From his Facebook LCN account this morning. Maybe he took it down?


----------



## Cory (Aug 23, 2017)

Killsocket said:


> The only requirement is having purchased his e-book.


I think someone with experience and proven results would be more important than someone that just bought his e-book. I think that was part of the problem to start with, people bought his e-book now think they are experts. A lot of people bought it, still don't have nice lawns over a year later but giving advice and a lot of times it was the wrong advice.


----------



## Dkrem (Mar 16, 2019)

Cory said:


> Killsocket said:
> 
> 
> > The only requirement is having purchased his e-book.
> ...


He's not after knowledge and experience. He is after supporting his target audience of "help I have never seen grass before what do i do" people by selling them his marketing and supporting the book, plan, and products in a consistent manner. DIY knowledgeable and experienced lawn experts who don't follow, regurgitate, and preach his plan confuse the target audience that needs a numbered action list to follow.


----------



## Cory (Aug 23, 2017)

Dkrem said:


> He's not after knowledge and experience.

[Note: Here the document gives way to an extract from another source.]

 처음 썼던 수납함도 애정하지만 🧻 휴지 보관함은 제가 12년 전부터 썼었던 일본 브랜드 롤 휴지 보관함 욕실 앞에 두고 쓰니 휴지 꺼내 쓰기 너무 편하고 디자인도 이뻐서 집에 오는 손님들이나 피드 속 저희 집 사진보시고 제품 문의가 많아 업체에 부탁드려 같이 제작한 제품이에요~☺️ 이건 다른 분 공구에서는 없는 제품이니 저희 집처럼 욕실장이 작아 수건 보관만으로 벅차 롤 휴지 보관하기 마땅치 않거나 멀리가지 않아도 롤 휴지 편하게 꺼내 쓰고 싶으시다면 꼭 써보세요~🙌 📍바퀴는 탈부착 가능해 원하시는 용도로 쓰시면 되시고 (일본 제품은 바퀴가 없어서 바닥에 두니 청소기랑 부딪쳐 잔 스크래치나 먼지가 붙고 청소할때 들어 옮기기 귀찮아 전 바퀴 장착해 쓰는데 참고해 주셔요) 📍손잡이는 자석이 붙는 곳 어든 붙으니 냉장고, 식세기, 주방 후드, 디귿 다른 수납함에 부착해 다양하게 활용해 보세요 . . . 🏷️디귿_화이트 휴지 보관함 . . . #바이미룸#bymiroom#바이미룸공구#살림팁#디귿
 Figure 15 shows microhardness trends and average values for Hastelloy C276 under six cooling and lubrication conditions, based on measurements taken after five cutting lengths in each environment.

He is after supporting his target audience of "help I have never seen grass before what do i do" people by selling them his marketing and supporting the book, plan, and products in a consistent manner. DIY knowledgeable and experienced lawn experts who don't follow, regurgitate, and preach his plan confuse the target audience that needs a numbered action list to follow.


Pretty much sums it up


----------



## Dkrem (Mar 16, 2019)

Cory said:


> Pretty much sums it up


Thanks, I was trying to be accurate and not negative, I know he has an account here that he posts on from time to time..


----------